How to complete this task — What you return should be the complete listing, unchanged, with no pictures in it.

___ Records ___

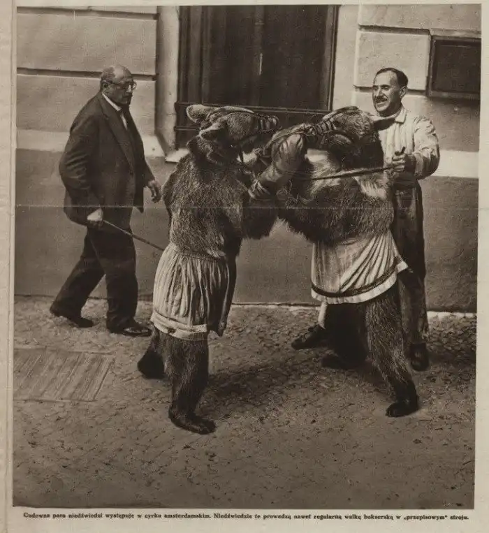 Пара медведей выступает в амстердамской цирке и умеют даже боксировать в подобающей спортивной форме. 1928 год.
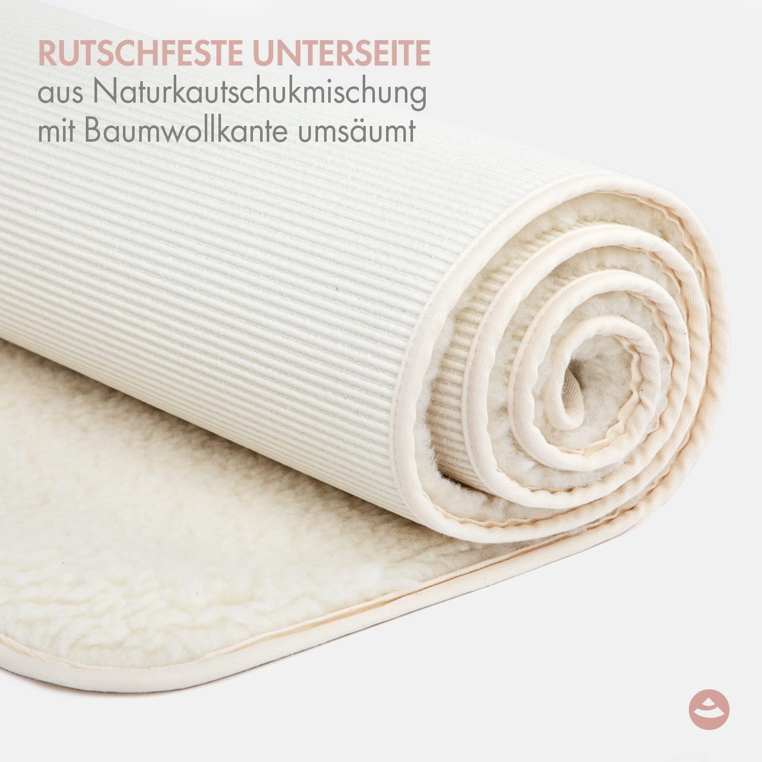 - Material Oberseite: 100% reine Schafschurwolle (Hochflor) mit einer Dichte von 1200 g/m².
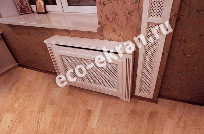 Principalement en vente, vous pouvez trouver des écrans décoratifs pour appareils de chauffage. Il s'agit d'un écran avec des fentes pour la circulation de l'air, qui est accroché au radiateur ou installé sur une niche à l'intérieur de laquelle se trouve l'appareil. L'écran peut être articulé, attaché et s'ouvrant. Pour sa fabrication, on utilise du plastique, du métal ou du bois. Ce dernier matériau est moins souvent utilisé en raison de son coût élevé et de sa faible résistance aux effets de la température.
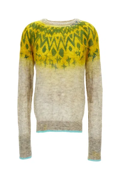 This exquisite wool blend knitwear from Rohka features a crew neck and ribbed trim for a refined yet comfortable fit. The unique garment-dyed technique presents a stunning gradient from vibrant yellow to neutral beige. The upper section showcases a striking green geometric and star pattern, adding a distinctive flair to your casual wardrobe. - Material - Wool blend - Fit - Regular fit - Care Instructions - Dry clean only
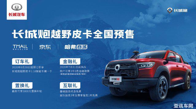訂車禮:2020年6月30日前預(yù)訂即享長城炮越野皮卡1:18智能車模一個;
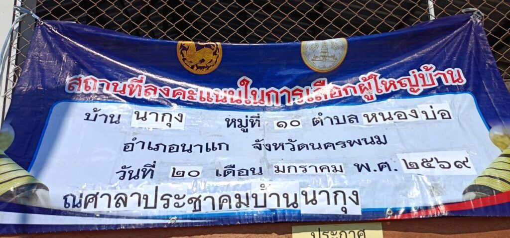 วันที่ 20 มกราคม 2569 เวลา 08.00 น. เกษตรอำเภอนาแก มอบหมายให้นายสนธยา โสนาคู นักวิชาการส่งเสริมการเกษตรปฏิบัติการ ร่วมเป็นคณะกรรมการประจำสถานที่เลือกผู้ใหญ่บ้าน แทนท่านที่เกษียณอายุ ณ ศาลาประชาคม บ้านนากุง หมู่ที่ 10 ตำบลหนองบ่อ อำเภอนาแก จังหวัดนครพนม
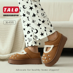 2025秋冬新作女性用包頭スリッパ、クロスボーダーネットセレブ厚底増量メリージェーンコットンスリッパパールスタイル
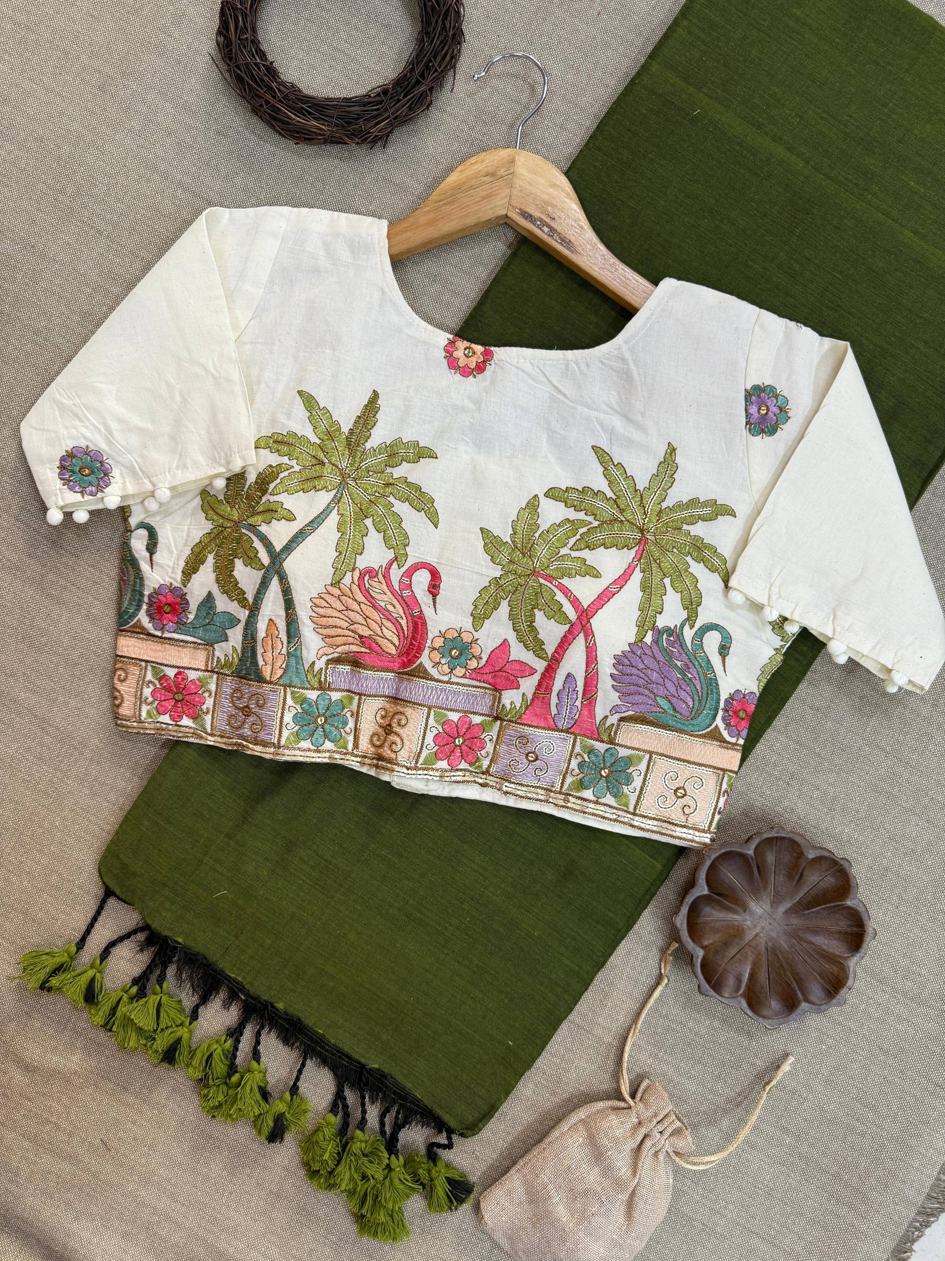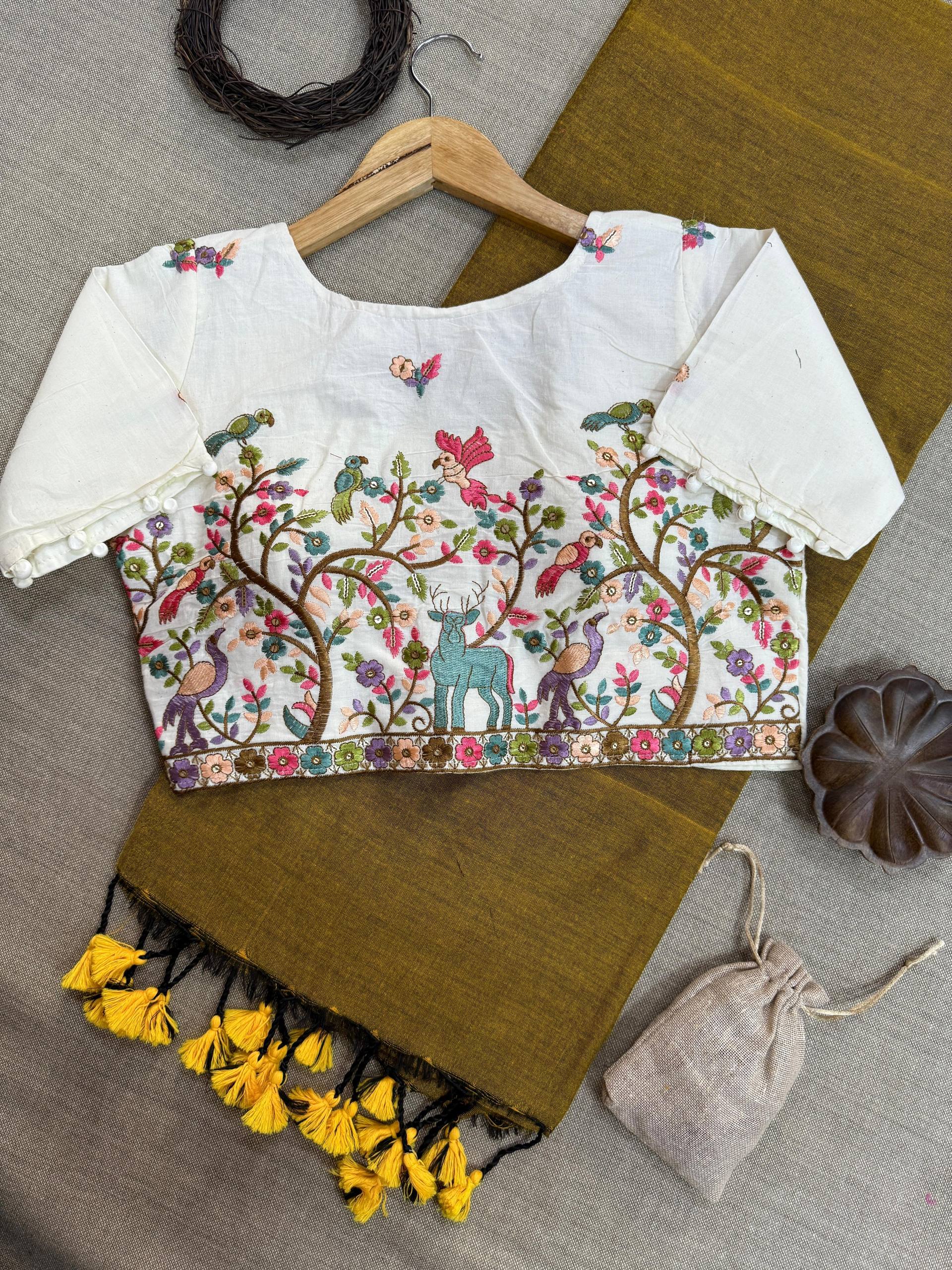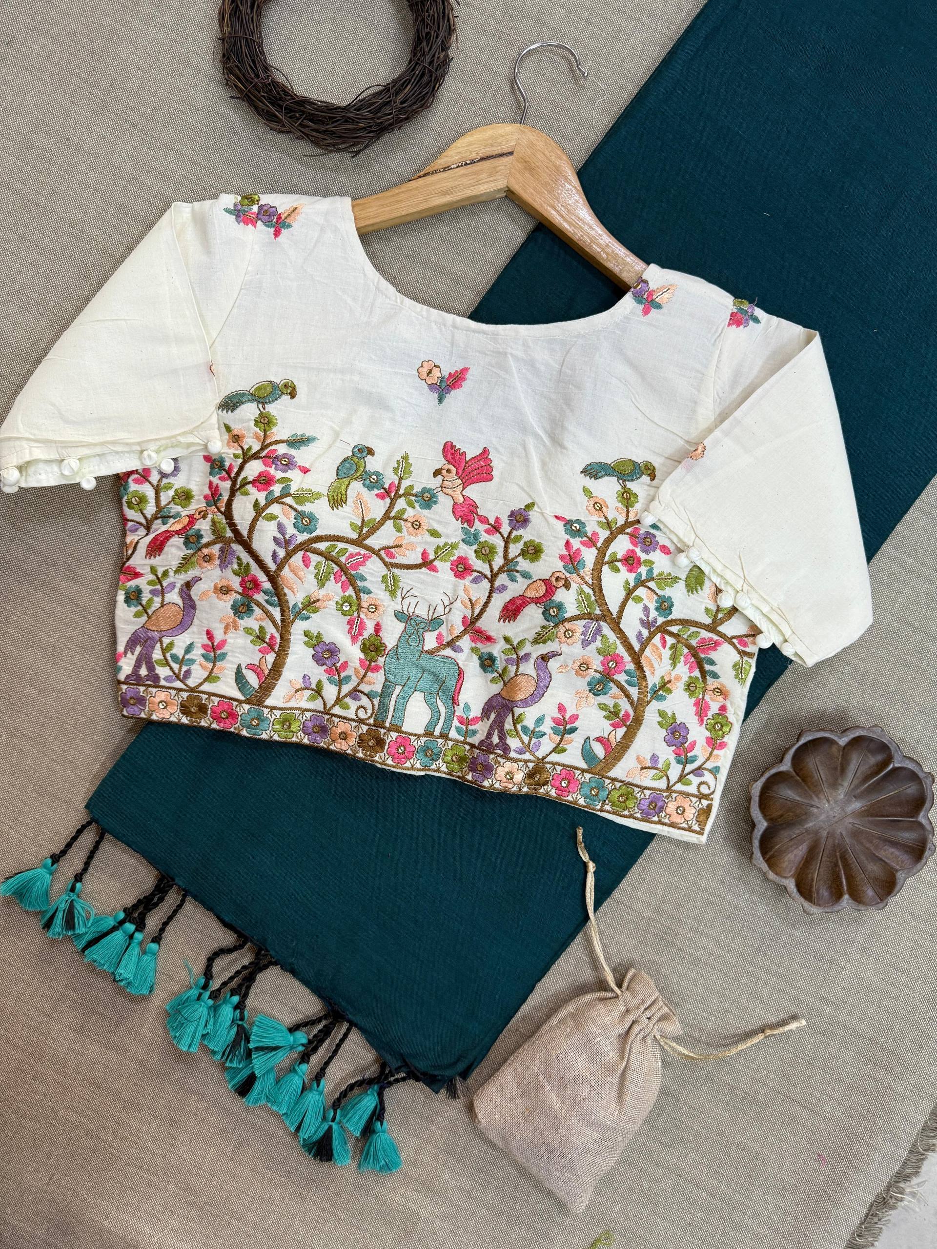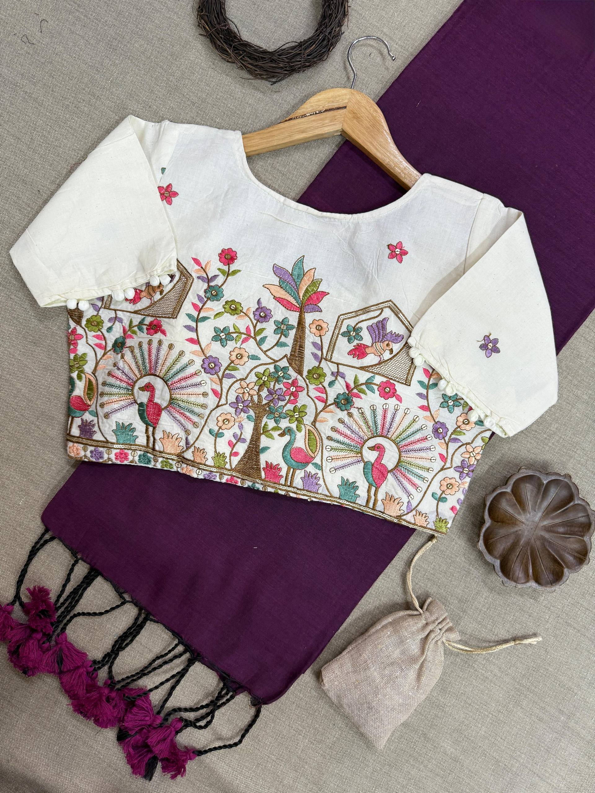 Blouse Fabric: Heavy Embroidery with Aura Cotton, padded with pure cotton lining
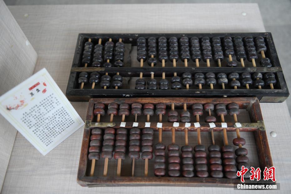 圖為鄉(xiāng)村農(nóng)耕博物館里展示的算盤。
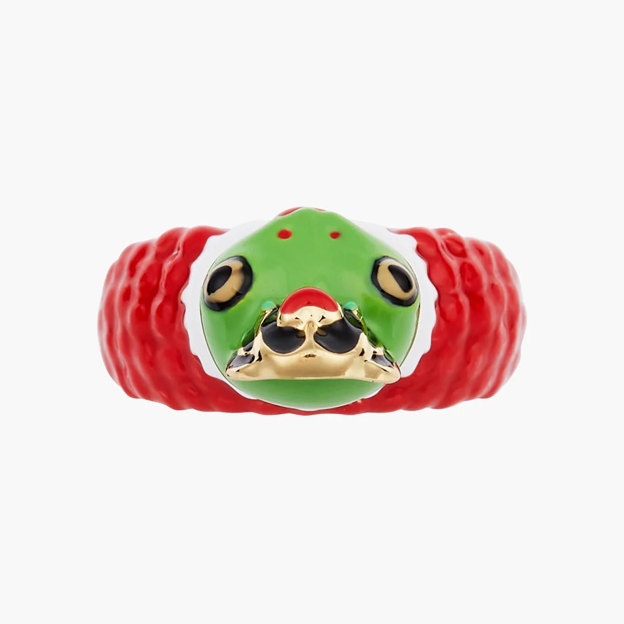 Introducing the Red Queen ring from Les Néréides Loves Animals' new N2 collection. This unique piece features the Red Queen transformed into an ugly toad, adding a whimsical touch to any outfit. Crafted from fine gold-plated brass and hand-enamelled figures, this cocktail ring measures 3.5cm in length, 2.2cm in width, and 1cm in depth, with a weight of 9.8g. Not only is this collection a wonderful gift option, but it also supports animal welfare. Les Néréides Loves Animals is a foundation created by Les Néréides in 2015, with 15% of each sale from this exclusive collection donated to shelters and charities worldwide. These organizations are selected for their values and dedication to the defense of animal rights. Learn more about our mission at lesnereideslovesanimals.org.

___

Result for this exercise —
 Пара медведей выступает в амстердамской цирке и умеют даже боксировать в подобающей спортивной форме. 1928 год.
 - Material Oberseite: 100% reine Schafschurwolle (Hochflor) mit einer Dichte von 1200 g/m².
 Principalement en vente, vous pouvez trouver des écrans décoratifs pour appareils de chauffage. Il s'agit d'un écran avec des fentes pour la circulation de l'air, qui est accroché au radiateur ou installé sur une niche à l'intérieur de laquelle se trouve l'appareil. L'écran peut être articulé, attaché et s'ouvrant. Pour sa fabrication, on utilise du plastique, du métal ou du bois. Ce dernier matériau est moins souvent utilisé en raison de son coût élevé et de sa faible résistance aux effets de la température.
 This exquisite wool blend knitwear from Rohka features a crew neck and ribbed trim for a refined yet comfortable fit. The unique garment-dyed technique presents a stunning gradient from vibrant yellow to neutral beige. The upper section showcases a striking green geometric and star pattern, adding a distinctive flair to your casual wardrobe. - Material - Wool blend - Fit - Regular fit - Care Instructions - Dry clean only
訂車禮:2020年6月30日前預(yù)訂即享長城炮越野皮卡1:18智能車模一個;
 วันที่ 20 มกราคม 2569 เวลา 08.00 น. เกษตรอำเภอนาแก มอบหมายให้นายสนธยา โสนาคู นักวิชาการส่งเสริมการเกษตรปฏิบัติการ ร่วมเป็นคณะกรรมการประจำสถานที่เลือกผู้ใหญ่บ้าน แทนท่านที่เกษียณอายุ ณ ศาลาประชาคม บ้านนากุง หมู่ที่ 10 ตำบลหนองบ่อ อำเภอนาแก จังหวัดนครพนม
 2025秋冬新作女性用包頭スリッパ、クロスボーダーネットセレブ厚底増量メリージェーンコットンスリッパパールスタイル
 Blouse Fabric: Heavy Embroidery with Aura Cotton, padded with pure cotton lining
 圖為鄉(xiāng)村農(nóng)耕博物館里展示的算盤。
 Introducing the Red Queen ring from Les Néréides Loves Animals' new N2 collection. This unique piece features the Red Queen transformed into an ugly toad, adding a whimsical touch to any outfit. Crafted from fine gold-plated brass and hand-enamelled figures, this cocktail ring measures 3.5cm in length, 2.2cm in width, and 1cm in depth, with a weight of 9.8g. Not only is this collection a wonderful gift option, but it also supports animal welfare. Les Néréides Loves Animals is a foundation created by Les Néréides in 2015, with 15% of each sale from this exclusive collection donated to shelters and charities worldwide. These organizations are selected for their values and dedication to the defense of animal rights. Learn more about our mission at lesnereideslovesanimals.org.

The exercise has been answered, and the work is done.